### Description of the task:
Within the records below, find the line with "海外网12月22日电 据美国" and the line with "This panoramic decor", then reproduce exactly those two lines and all lines between them, without any picture.

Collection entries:
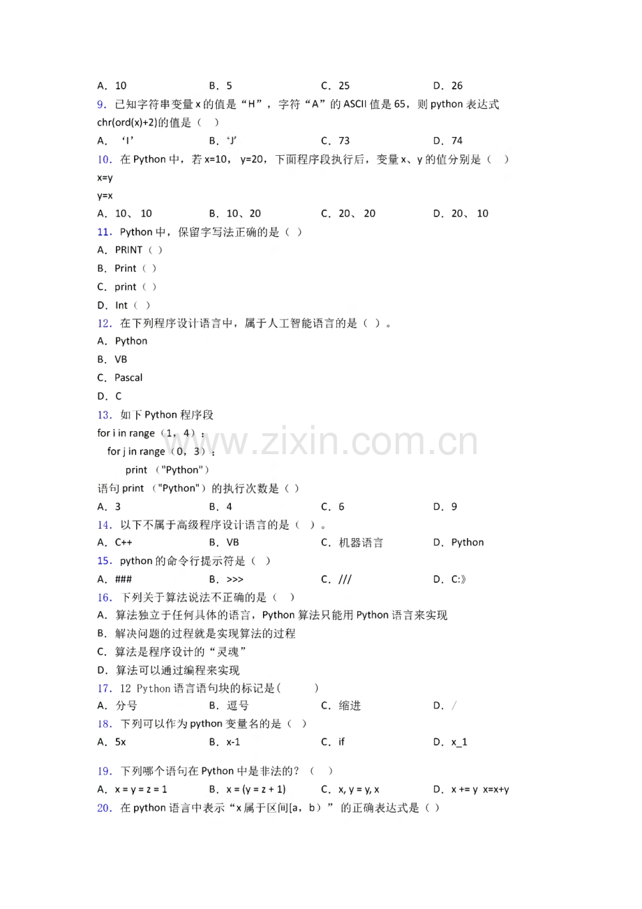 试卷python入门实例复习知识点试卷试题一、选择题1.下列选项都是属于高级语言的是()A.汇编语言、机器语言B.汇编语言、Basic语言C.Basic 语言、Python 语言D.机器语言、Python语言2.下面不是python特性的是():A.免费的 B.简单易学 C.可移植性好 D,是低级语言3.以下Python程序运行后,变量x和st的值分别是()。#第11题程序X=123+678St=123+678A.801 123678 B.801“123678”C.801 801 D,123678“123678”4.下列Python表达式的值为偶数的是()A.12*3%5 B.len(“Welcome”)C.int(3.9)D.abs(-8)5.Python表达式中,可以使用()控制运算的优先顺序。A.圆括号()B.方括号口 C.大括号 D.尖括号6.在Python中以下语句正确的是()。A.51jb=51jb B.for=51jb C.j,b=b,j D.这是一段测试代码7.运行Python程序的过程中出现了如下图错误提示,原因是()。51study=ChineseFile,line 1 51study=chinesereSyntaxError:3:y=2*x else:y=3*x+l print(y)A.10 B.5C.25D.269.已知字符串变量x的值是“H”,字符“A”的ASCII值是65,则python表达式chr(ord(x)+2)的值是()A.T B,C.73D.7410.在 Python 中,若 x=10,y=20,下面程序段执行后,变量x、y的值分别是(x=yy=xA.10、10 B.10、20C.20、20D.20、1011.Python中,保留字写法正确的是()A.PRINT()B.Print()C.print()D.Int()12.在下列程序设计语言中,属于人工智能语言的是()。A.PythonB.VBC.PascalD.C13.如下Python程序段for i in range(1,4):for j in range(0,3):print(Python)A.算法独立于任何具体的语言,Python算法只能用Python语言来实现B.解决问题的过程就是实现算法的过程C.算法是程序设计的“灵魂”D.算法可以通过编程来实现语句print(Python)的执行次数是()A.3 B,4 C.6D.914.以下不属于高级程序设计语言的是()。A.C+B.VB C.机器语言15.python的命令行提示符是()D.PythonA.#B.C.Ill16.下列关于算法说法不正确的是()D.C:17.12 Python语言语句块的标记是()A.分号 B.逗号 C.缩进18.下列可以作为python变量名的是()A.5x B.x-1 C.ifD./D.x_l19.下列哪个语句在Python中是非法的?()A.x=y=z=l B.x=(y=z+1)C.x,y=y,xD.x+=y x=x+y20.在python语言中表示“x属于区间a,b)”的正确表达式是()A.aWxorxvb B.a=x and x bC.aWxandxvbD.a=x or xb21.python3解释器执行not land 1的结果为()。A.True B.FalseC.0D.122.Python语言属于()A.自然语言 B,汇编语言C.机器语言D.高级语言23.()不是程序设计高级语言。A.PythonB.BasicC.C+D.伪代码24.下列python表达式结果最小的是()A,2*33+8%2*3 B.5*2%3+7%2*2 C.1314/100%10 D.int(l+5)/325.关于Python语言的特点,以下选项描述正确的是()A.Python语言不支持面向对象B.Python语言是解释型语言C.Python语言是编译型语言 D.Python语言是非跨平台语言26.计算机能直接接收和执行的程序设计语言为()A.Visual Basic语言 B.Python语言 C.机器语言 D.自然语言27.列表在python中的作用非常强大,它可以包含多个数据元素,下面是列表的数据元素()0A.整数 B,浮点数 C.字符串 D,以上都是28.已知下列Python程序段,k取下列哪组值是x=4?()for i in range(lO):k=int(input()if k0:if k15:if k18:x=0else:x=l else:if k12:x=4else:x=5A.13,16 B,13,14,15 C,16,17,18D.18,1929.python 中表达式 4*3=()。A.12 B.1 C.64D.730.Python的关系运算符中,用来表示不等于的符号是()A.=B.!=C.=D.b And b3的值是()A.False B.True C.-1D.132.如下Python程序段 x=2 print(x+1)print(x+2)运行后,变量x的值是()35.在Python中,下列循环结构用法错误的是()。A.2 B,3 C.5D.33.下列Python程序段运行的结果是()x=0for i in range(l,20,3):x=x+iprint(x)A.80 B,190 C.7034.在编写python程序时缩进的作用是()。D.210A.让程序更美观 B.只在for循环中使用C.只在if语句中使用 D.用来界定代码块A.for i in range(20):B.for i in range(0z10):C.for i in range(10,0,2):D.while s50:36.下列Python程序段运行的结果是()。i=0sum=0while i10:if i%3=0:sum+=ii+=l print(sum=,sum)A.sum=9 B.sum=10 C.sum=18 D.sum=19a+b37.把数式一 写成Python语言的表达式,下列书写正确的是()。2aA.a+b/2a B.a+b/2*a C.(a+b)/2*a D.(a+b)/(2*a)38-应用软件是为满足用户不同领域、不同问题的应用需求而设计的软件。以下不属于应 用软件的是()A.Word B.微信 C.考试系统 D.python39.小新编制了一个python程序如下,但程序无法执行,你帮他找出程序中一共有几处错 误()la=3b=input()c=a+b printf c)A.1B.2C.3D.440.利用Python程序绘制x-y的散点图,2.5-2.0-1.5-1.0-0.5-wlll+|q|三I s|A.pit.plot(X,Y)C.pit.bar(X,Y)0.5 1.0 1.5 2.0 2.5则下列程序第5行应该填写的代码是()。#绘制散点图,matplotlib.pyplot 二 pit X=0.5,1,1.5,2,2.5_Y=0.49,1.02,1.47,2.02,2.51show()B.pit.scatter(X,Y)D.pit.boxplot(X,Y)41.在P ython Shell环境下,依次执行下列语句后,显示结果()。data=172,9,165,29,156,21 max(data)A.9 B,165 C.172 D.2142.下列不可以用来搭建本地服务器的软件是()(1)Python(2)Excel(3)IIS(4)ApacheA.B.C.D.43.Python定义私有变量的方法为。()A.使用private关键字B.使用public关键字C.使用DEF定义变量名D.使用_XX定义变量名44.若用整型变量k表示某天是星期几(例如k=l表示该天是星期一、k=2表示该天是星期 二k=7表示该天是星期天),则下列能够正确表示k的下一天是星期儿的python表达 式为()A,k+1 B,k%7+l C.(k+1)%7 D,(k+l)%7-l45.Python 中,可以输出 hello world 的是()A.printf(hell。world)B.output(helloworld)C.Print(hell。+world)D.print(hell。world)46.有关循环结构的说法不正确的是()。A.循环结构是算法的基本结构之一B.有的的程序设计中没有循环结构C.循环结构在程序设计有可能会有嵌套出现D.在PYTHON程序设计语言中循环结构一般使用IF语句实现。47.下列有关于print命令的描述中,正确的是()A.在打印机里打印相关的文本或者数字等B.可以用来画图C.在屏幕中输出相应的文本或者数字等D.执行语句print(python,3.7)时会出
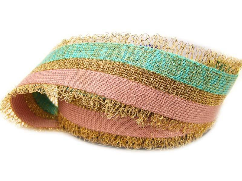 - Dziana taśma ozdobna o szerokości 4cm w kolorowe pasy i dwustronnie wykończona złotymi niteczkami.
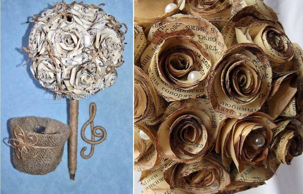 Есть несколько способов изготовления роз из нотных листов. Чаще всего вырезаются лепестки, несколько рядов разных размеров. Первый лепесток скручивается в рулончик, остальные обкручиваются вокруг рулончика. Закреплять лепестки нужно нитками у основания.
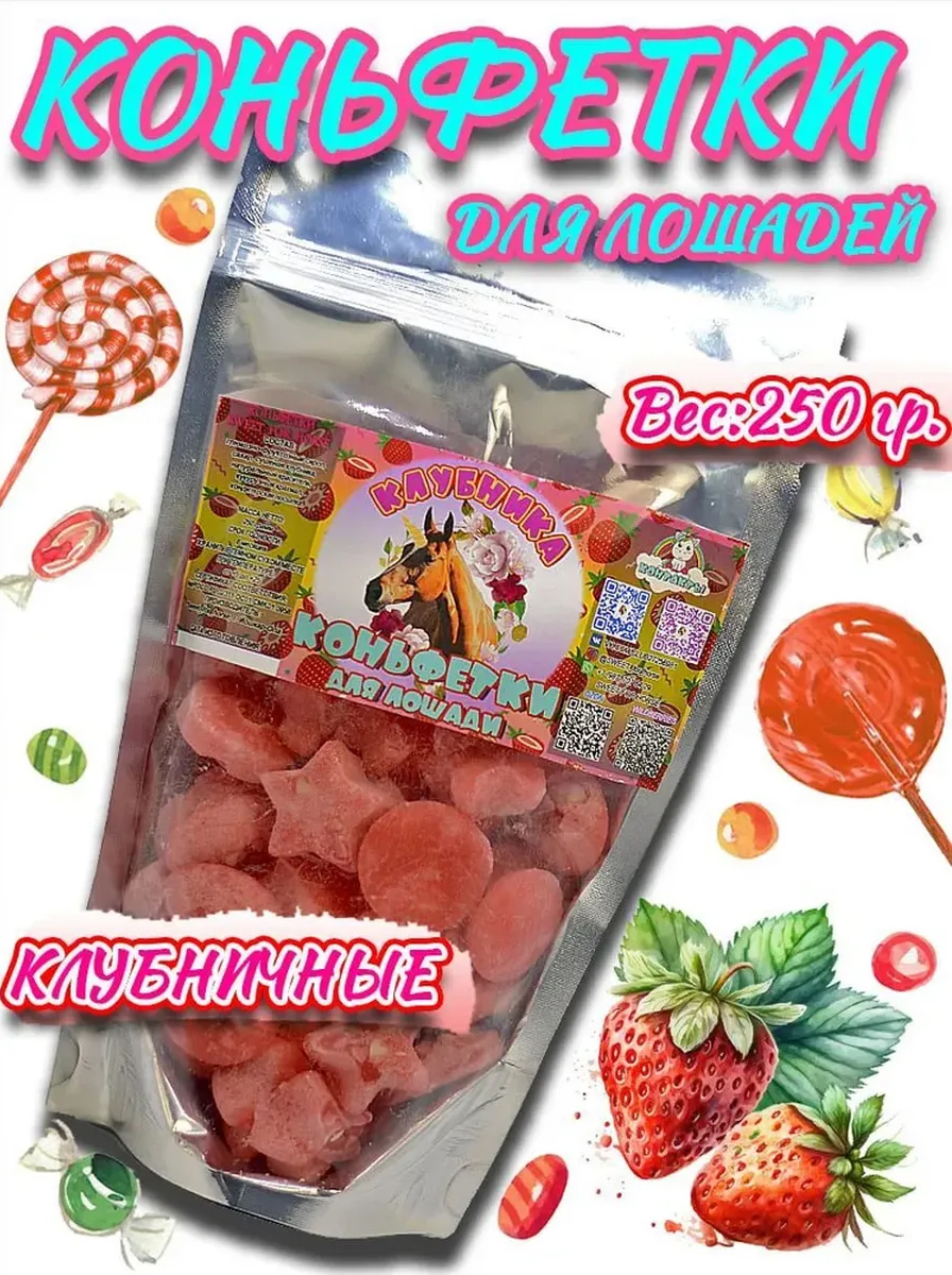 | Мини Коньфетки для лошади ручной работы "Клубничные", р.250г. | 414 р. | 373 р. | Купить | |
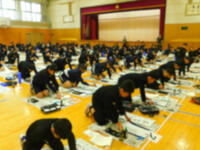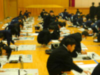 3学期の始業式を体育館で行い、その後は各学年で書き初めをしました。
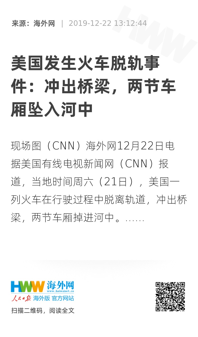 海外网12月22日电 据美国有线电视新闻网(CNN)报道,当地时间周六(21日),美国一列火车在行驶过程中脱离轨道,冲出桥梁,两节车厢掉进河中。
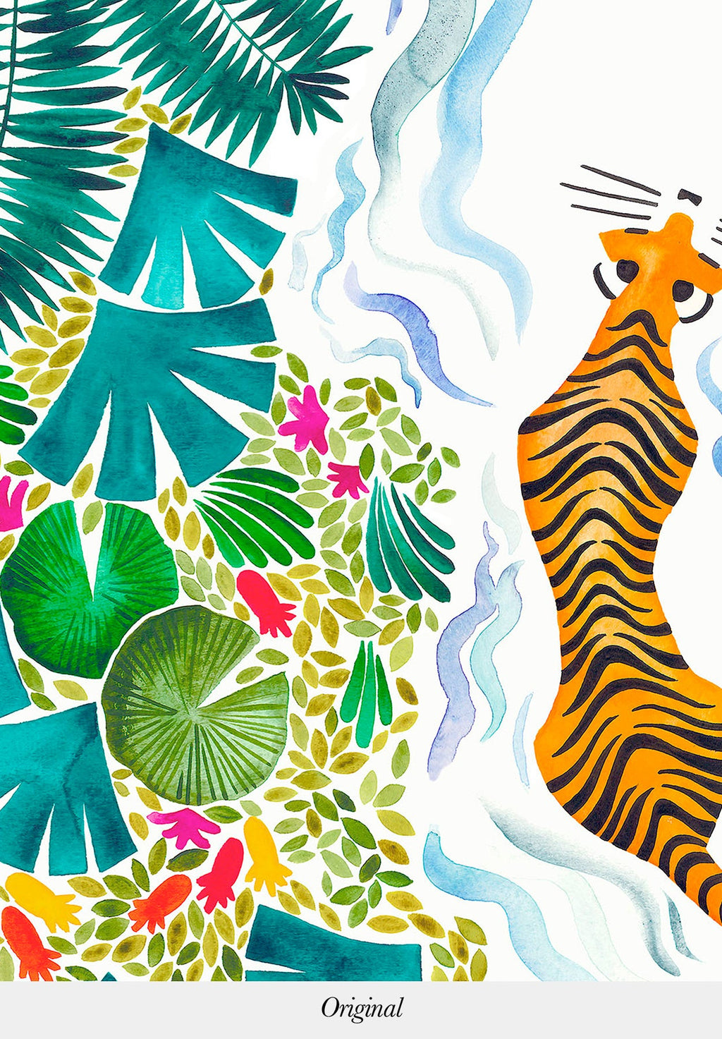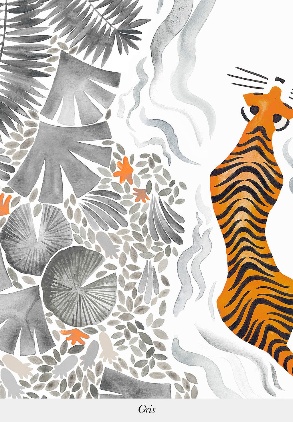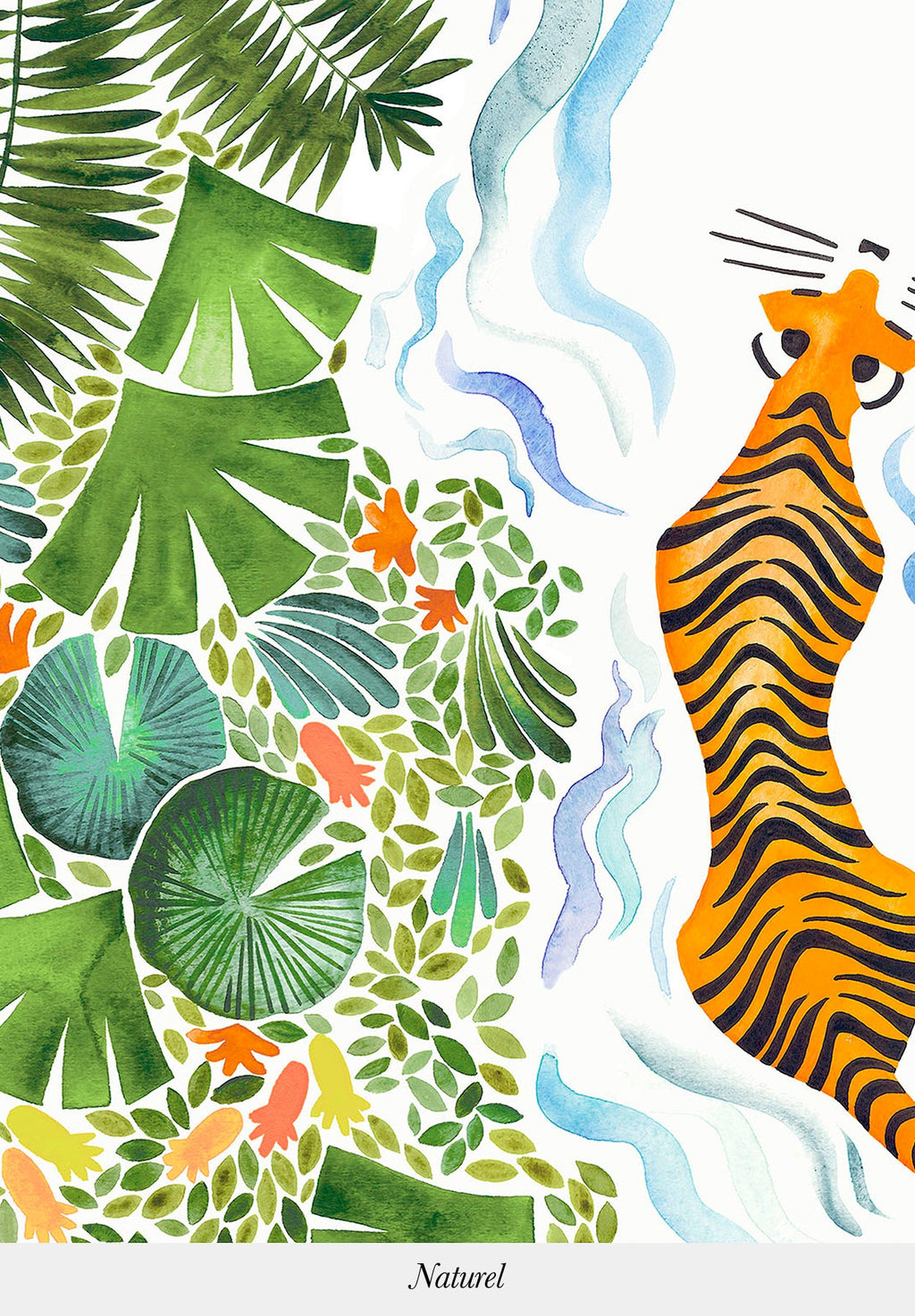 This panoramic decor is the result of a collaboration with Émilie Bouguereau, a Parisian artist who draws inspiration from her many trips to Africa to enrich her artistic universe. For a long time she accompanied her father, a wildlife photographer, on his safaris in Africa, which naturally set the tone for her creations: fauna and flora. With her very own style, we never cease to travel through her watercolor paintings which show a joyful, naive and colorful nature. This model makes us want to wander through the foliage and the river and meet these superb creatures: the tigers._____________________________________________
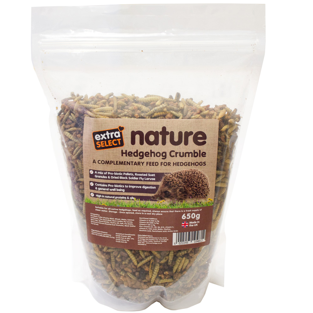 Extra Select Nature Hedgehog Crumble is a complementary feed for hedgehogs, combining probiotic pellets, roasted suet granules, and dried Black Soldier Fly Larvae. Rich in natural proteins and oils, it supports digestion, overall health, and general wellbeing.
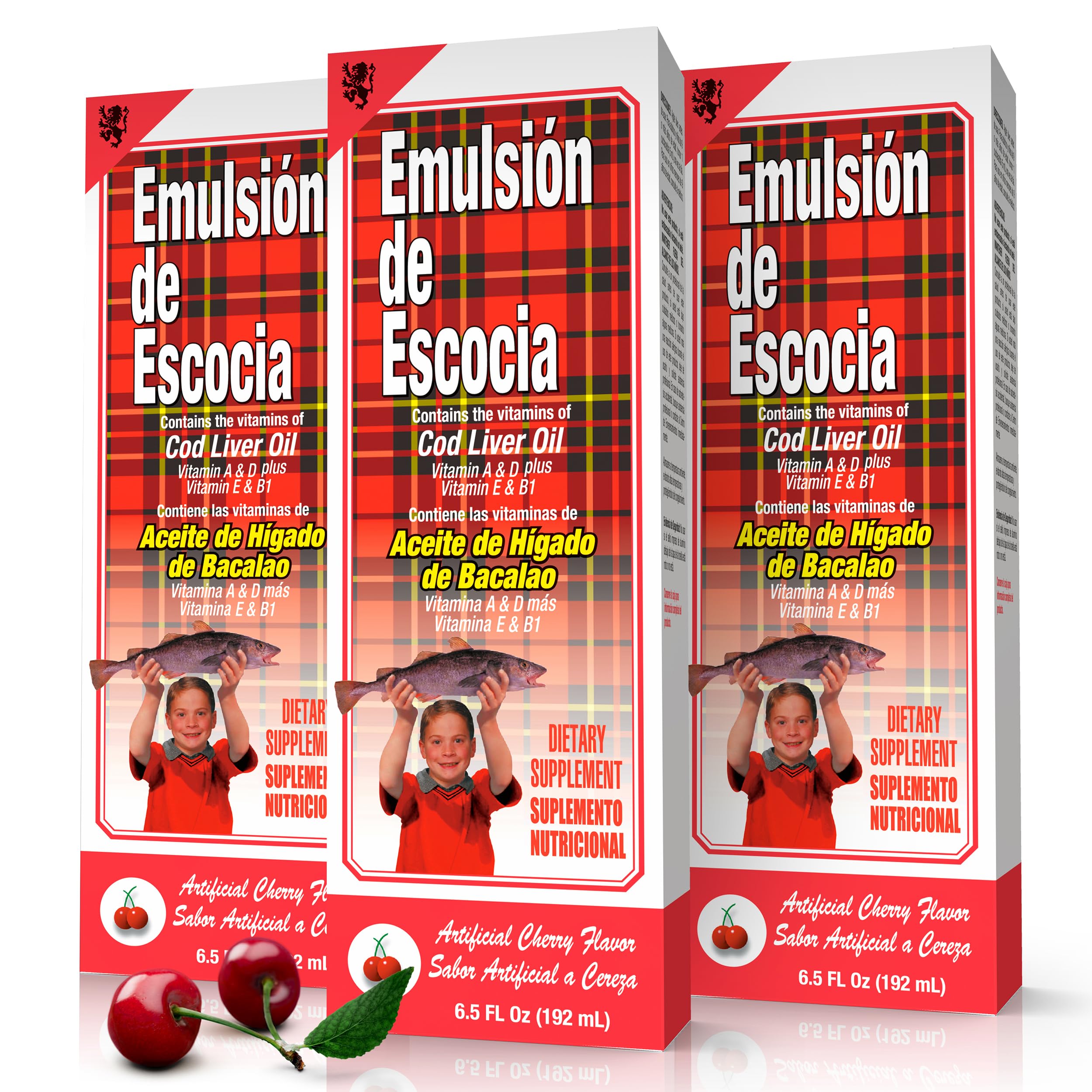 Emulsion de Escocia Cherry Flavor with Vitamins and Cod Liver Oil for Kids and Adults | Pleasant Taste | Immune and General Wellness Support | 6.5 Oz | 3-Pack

### Response to the task:
 海外网12月22日电 据美国有线电视新闻网(CNN)报道,当地时间周六(21日),美国一列火车在行驶过程中脱离轨道,冲出桥梁,两节车厢掉进河中。
 This panoramic decor is the result of a collaboration with Émilie Bouguereau, a Parisian artist who draws inspiration from her many trips to Africa to enrich her artistic universe. For a long time she accompanied her father, a wildlife photographer, on his safaris in Africa, which naturally set the tone for her creations: fauna and flora. With her very own style, we never cease to travel through her watercolor paintings which show a joyful, naive and colorful nature. This model makes us want to wander through the foliage and the river and meet these superb creatures: the tigers._____________________________________________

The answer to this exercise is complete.